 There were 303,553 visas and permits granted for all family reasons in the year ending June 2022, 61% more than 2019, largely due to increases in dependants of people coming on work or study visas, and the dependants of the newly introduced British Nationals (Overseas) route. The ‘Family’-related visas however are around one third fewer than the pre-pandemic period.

============

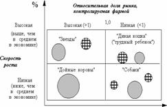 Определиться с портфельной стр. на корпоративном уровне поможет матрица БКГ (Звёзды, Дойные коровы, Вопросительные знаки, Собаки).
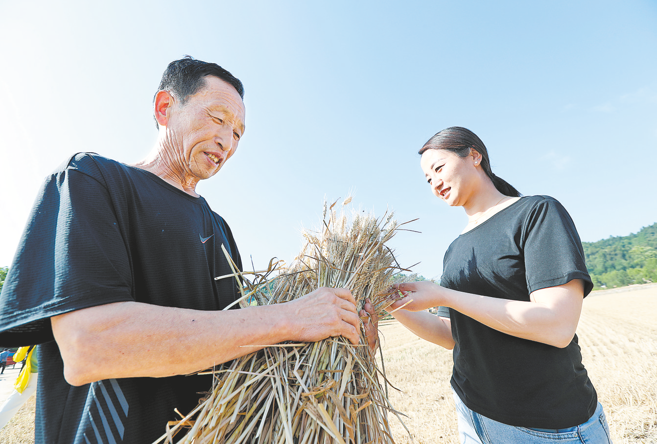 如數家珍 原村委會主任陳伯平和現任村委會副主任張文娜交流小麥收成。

============

Task goal: Write out again exactly the lines above from the one with "Определиться с портфельной" through the one with "如數家珍 原村委會主任陳伯平和現任村委會副主任張文娜交流小麥收成。", adding no other lines and no pictures.

Written reply:
 Определиться с портфельной стр. на корпоративном уровне поможет матрица БКГ (Звёзды, Дойные коровы, Вопросительные знаки, Собаки).
 如數家珍 原村委會主任陳伯平和現任村委會副主任張文娜交流小麥收成。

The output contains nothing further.